Joachim K. Bautze
“Whoever has seen the palace of Boondi, can easily picture to himself the hanging-gardens of Semiramis” (James Tod [1782-1836] on September 13th, 1830 as quoted from the 2nd volume of his Annals and Antiquities of Rajast’han or the Central and Western Rajpoot States of India). “Whoever has seen the Palace of Boondi can easily picture to himself the hanging gardens of Semiramis” (Rudyard Kipling [1865-1936] quoting James Tod in the first volume of his From Sea to Sea and other Sketches). [Fig 1]
Bundi (Formerly “Boondi”, also: “Boondee”) is the capital of the former kingdom of the Haraclan, situated in zila Bundi, Rajasthan, India. As Kipling already observed, the palace itself “is the work of many hands”. In fact, it was built over a period of several centuries and almost each ruler added another structure, many of which are decorated with wall paintings. Of these, the best preserved and most spectacular are in the so-called “Badal Mahal” (lit.: cloud palace). Although painted more than a century later, several people called it the “Sistine Chapel of India.” An American psychiatrist recently wrote about his experience when seeing the murals for the first time: “It was dark inside but, when hand-held lights illuminated great 17th century wall paintings, I felt like the first person to enter King Tut’s tomb.”

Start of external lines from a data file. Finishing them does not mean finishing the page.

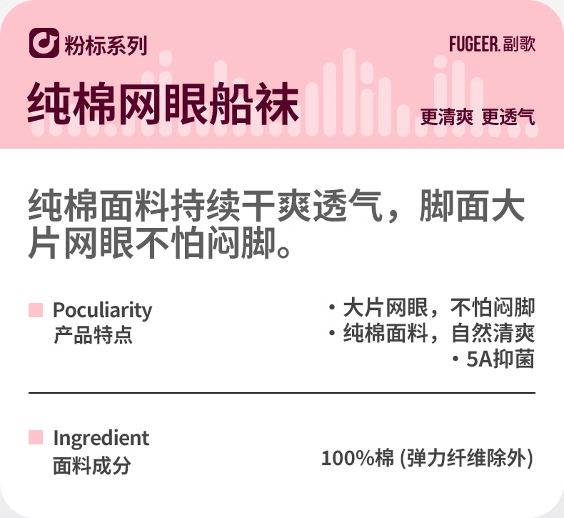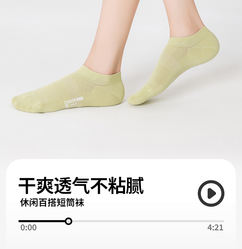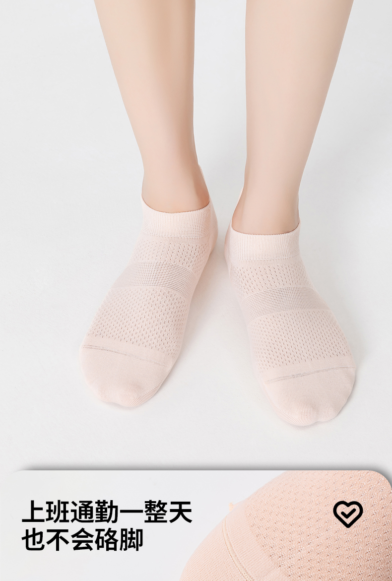 优选丨副歌袜子女士春夏季100%纯棉防臭吸汗隐形不掉跟抗菌运动网眼透气船袜
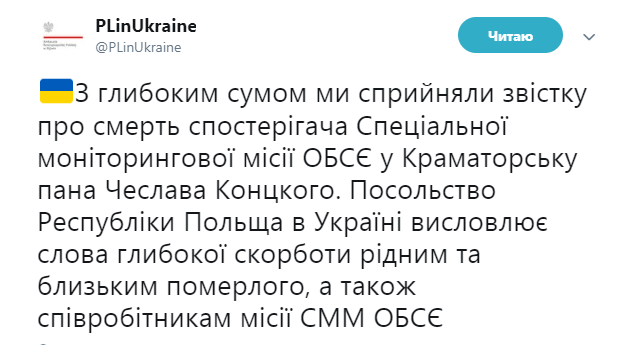 "С глубокой скорбью мы восприняли известие о смерти наблюдателя Специальной мониторинговой миссии ОБСЕ в Краматорске господина Чеслава Концкого. Посольство Республики Польша в Украине выражает слова глубокой скорби родным и близким умершего, а также сотрудникам миссии СММ ОБСЕ", - говорится в сообщении.
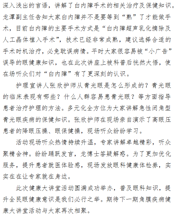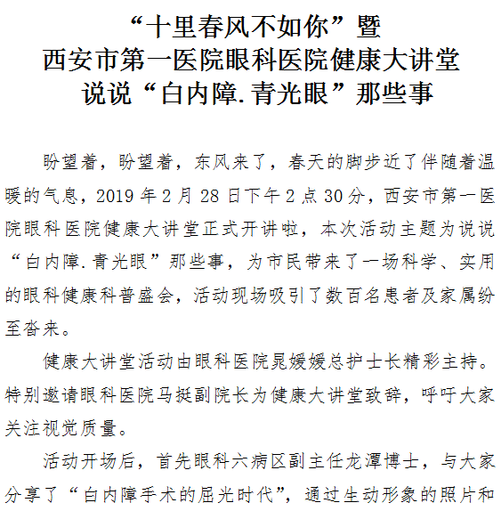 “十里春风不如你”暨啄木鸟 眼科医院健康大讲堂 说说“白内障.青光眼”
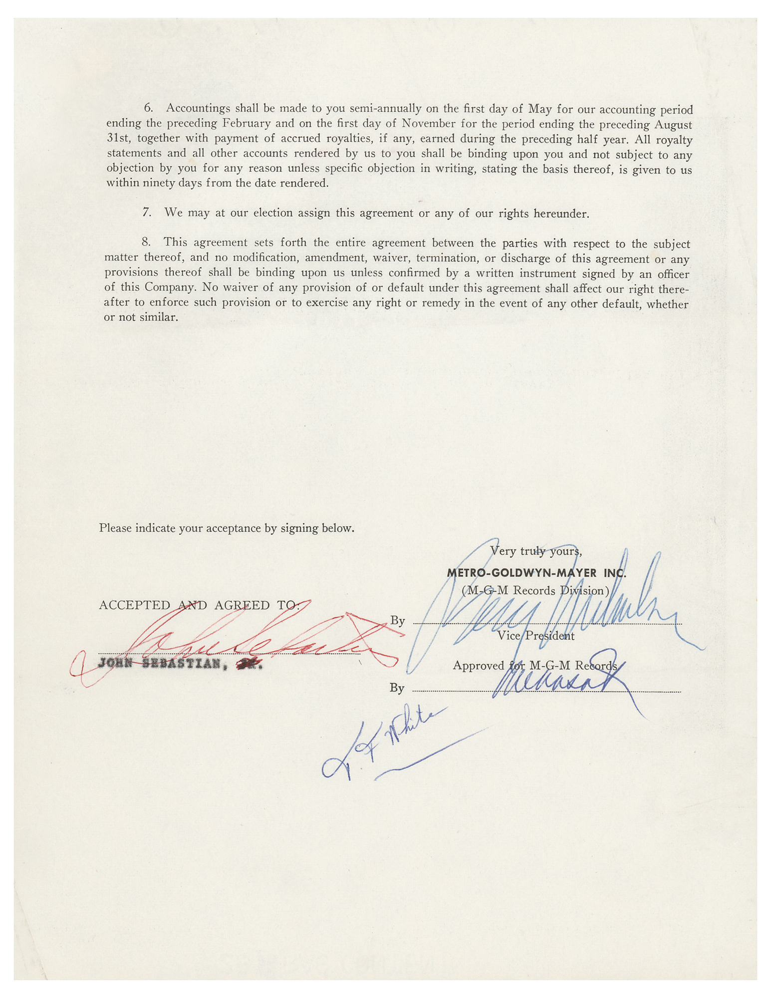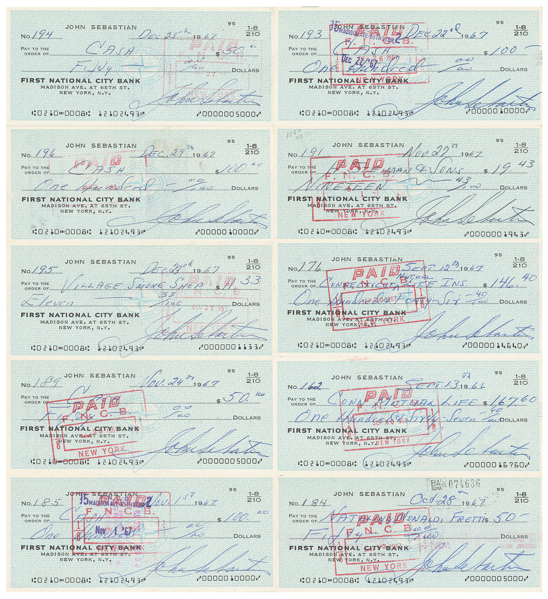 Group lot of 11 items signed by John Sebastian of The Lovin' Spoonful, including: a DS, three pages, 8.5 x 11, October 16, 1967, which concerns an agreement between Sebastian and MGM Records, with the former selling two master recordings entitled "Tcherepnin-Concerto for Harmonica & Orch. Op. 87 and Villa-Lobos-Cncerto for Harmonica & Orch. (1955) as performed by Stuttgard Radio Orchestra, Hans Schweiger (Conductor), and John Sebastian (Harmonica)," for eight percent of the suggested retail price; and a group of 10 personal checks from 1967, all 6.25 x 2.75, each filled out and signed by Sebastian. In overall fine condition.
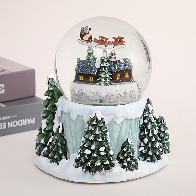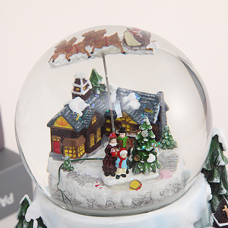 This transparent glass water ball ornament combines the charm of a classic music box with a snowflake crystal ball, and is a resin craft designed specifically for the Christmas season. It can not only be used as a holiday decoration, but also as an exquisite gift that can convey emotions and create an atmosphere. Whether for personal use or as a gift, this crystal ball can add a touch of magical color to your living space.
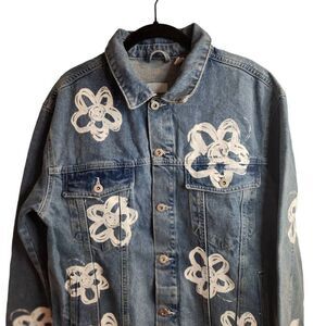This jacket features a classic trucker denim style with a unique twist - the daisy design adds a playful and youthful touch. The distressed detailing gives it a worn-in look, adding to its cool and casual vibe.
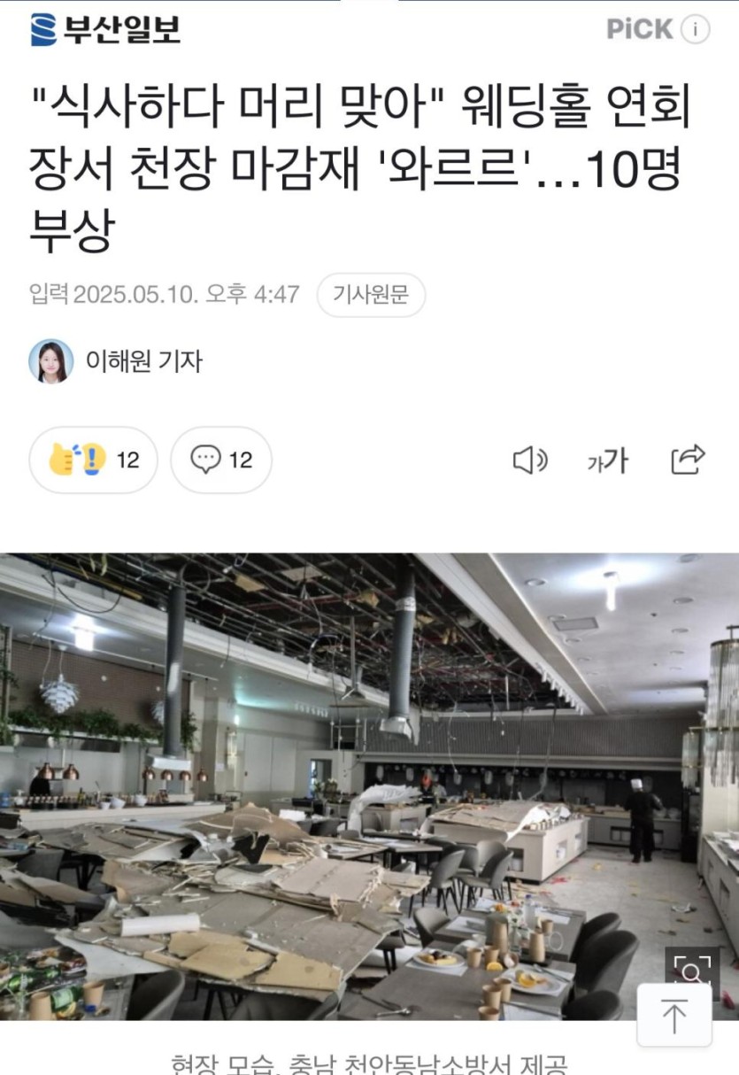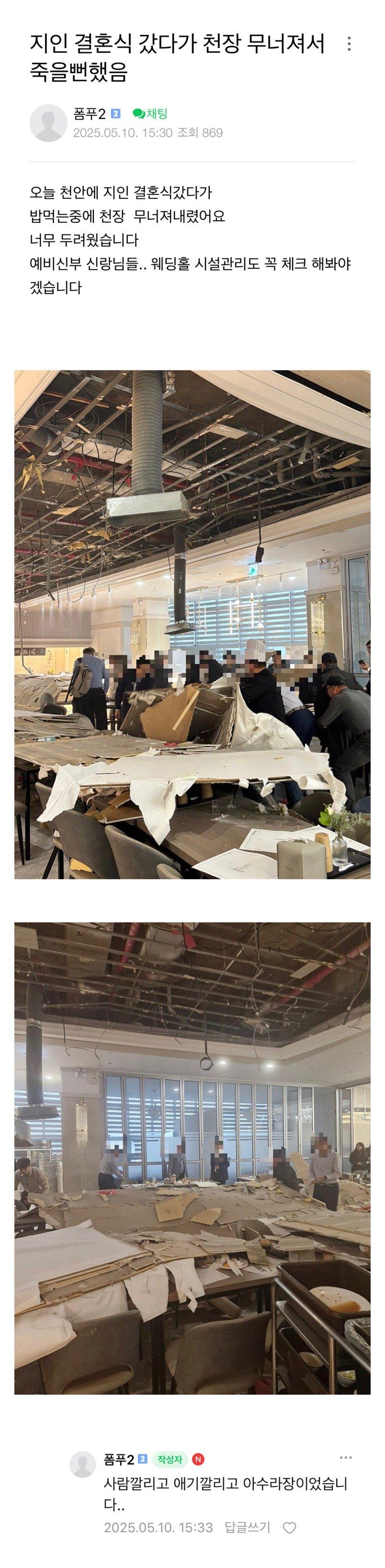 지인 결혼식 갔다가 천장이 무너져 죽을뻔함 .jpg
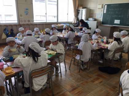 今日の献立は、豚肉のしょうが焼き・みそ汁・じゃこピーマン・米飯・牛乳でした。『みそ汁』は、うすあげ・キャベツ・にんじん・えのきたけ・わかめ・青ねぎを使用し、具だくさんのみそ汁でした。
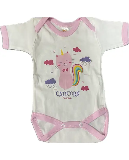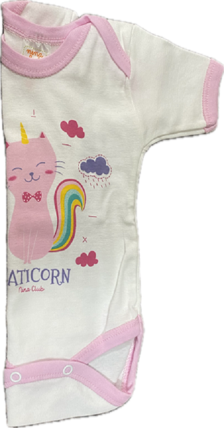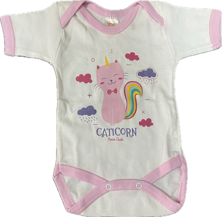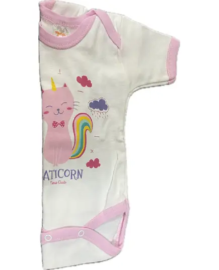 Ζιπουνάκι (φορμάκι) κοντομάνικο λευκό-ροζ ''Caticorn'' No1 (0-3 μηνών)
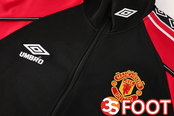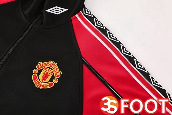 Ensemble Veste Survetement De Foot Manchester United Noir Rouge 2025/2026
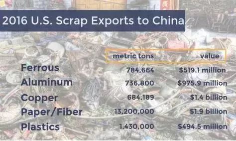 去年,他们光塑料废品就向中国出口了1,430,000吨,价值494,500,000美金。突然的禁令,明显一时半会儿吃不消。
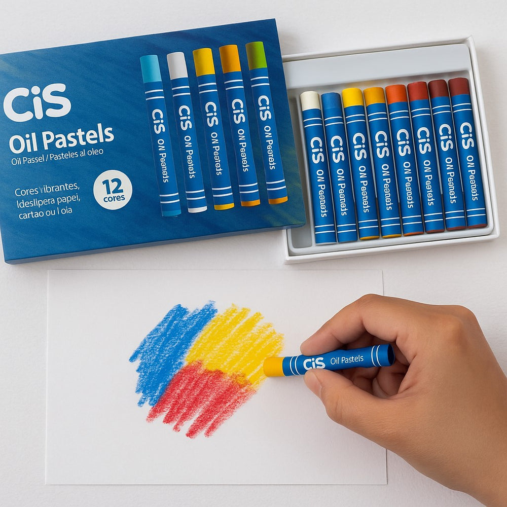 Giz pastel oleoso com 12 cores. Indicado para pinturas, ilustrações, desenhos, esboços, cartazes, murais, retratos, caricaturas, ensino técnico, entre outros usos.
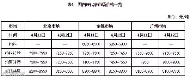 1 今日国内PP代表市场报价参考
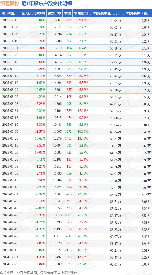 从股价来看,2025年11月28日至2025年12月10日,恒通股份区间跌幅为2.04%,在此期间股东户数增加3690.0户,增幅为29.12%。
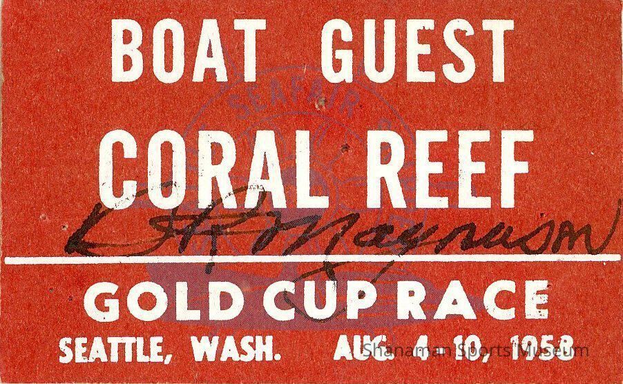 Pass - "Boat Guest - Coral Reef - Gold Cup Race, Seattle Wash Aug 4-10, 1958". Red background; Seafair emblem at center; Frank Woods a member of the pit crew.Lexicon
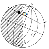 (3)顺着地球自转的方向,跨过L线,由黑夜进入白天,所以为晨线;A点为晨线与赤道的交点,地方时为6点;A位于赤道上,昼夜平分,昼长12小时。
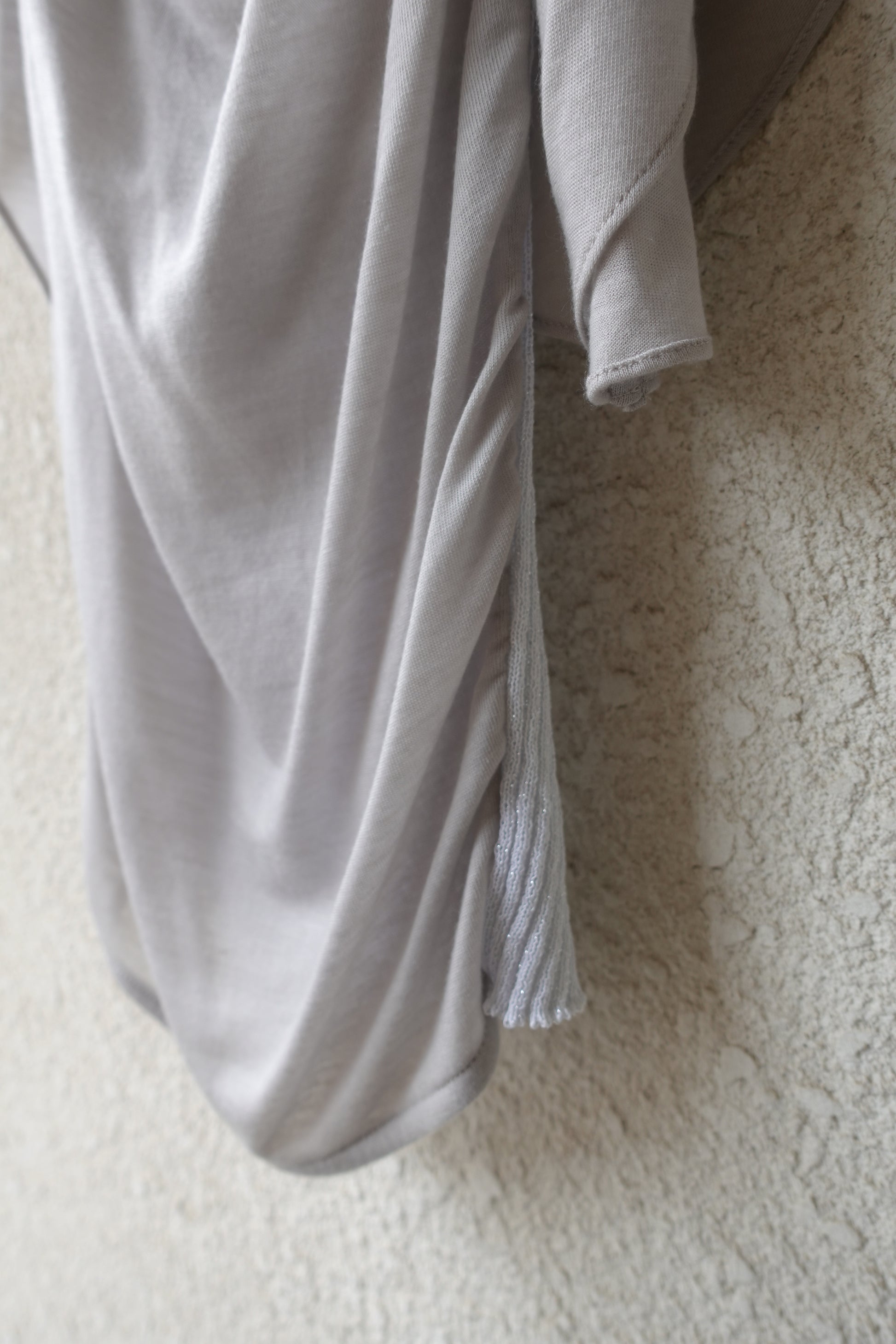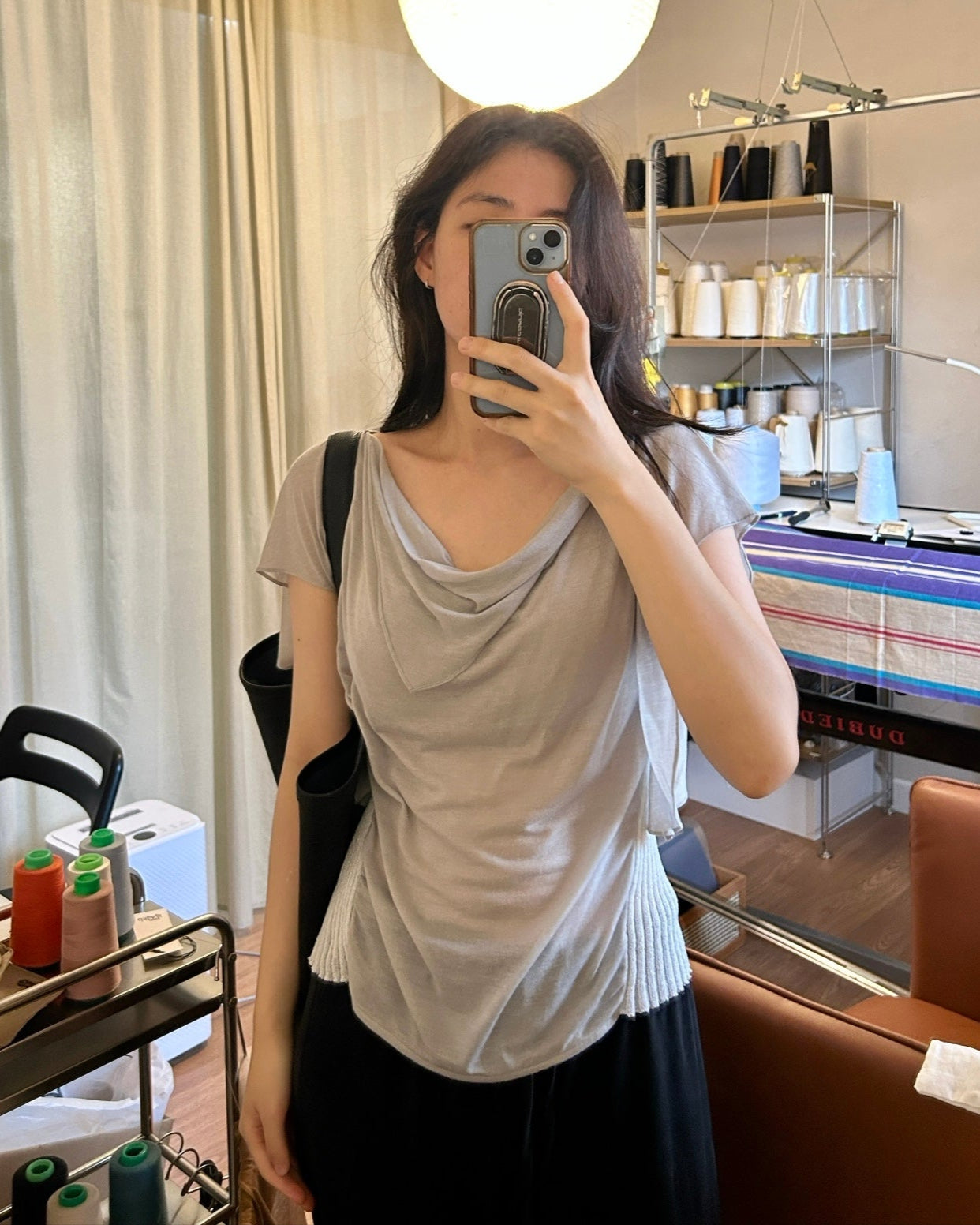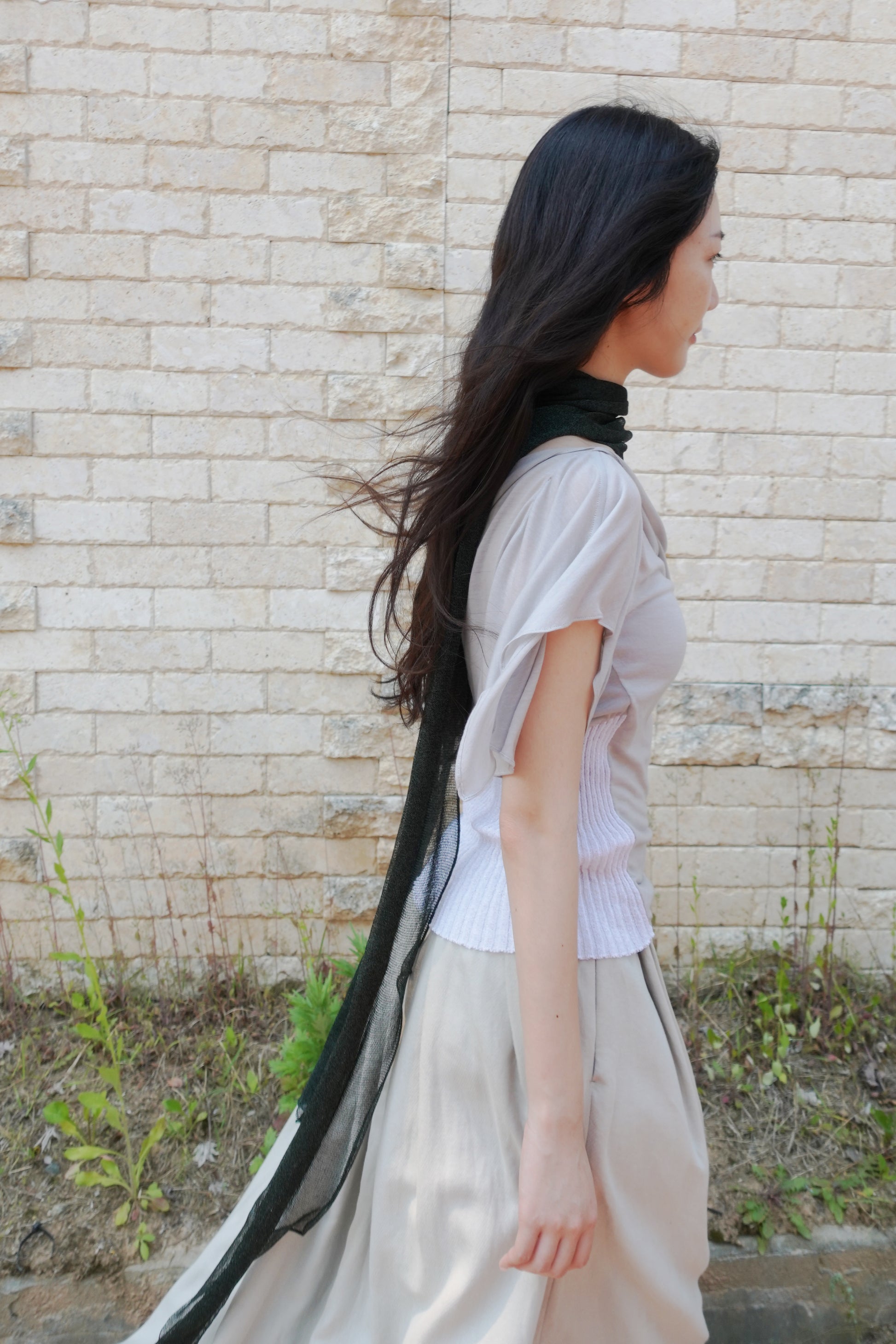 가벼운 코튼 블렌드 원단으로 제작된 반소매 니트 탑입니다. 비대칭 넥라인과 오프셋 숄더 솔기가 특징이며, 등판 리브 조직은 메탈 비스코스 원사가 각도에 따라 은은하게 빛을 반사합니다. 몸에 가까이 떨어지지만 전혀 조이지 않는 실루엣으로, 긴장감과 이완을 동시에 느낄 수 있는 무드를 제안합니다. 여유로운 핏으로 디자인 되었으며, 워시드 라이트 그레이와 블랙 두 컬러로 전개됩니다.

The “Baddal Mahal” in the spelling of the poet and historian Suryamalla Mishran, was built during the reign of Rao Bhoj, who became king at about the same year his father and predecessor, Rao Surjan (r.1544-1585), died. It was under Rao Bhoj (r.1585-1608) that one of the finest styles of Rajput painting, the Bundikalam, was initiated by Mughal artists working in Chunar, the famous fortress situated on a peninsula in the river Ganga, in 1591. The murals within the Badal Mahal, however, do not immortalize the life of Rao Bhoj, but of his eldest son, Rao Ratan (r.1608-1631).
Without being compelled to the degrading custom of sending a dola, i.e. to give Rajput women to the Imperial harem, Rao Ratan became a privileged and hence most loyal appointee to his suzerains, the Mughal emperors Jahangir (r.1605-1627) and Shah Jahan (r.1628- 1658).
Already in 1608, the emperor Jahangir received three elephants from Rao Ratan, one of which the former “much approved.” He called it “Gajratan” (lit. “elephant jewel”, alluding to the name of its donor, Rao Ratan) and ordered it to be painted. The painting is now kept in the Indian Museum, Calcutta/Kolkata, I.M. no. R.647/S. 77. Besides, Rao Ratan moved into battle on an elephant. It was called “Light of the world” (Jagajot). Were it not for these historical references, the predilection for this animal on the side of the Hara-rulers would also be well testified by numerous wall paintings, drawings as well as miniature paintings.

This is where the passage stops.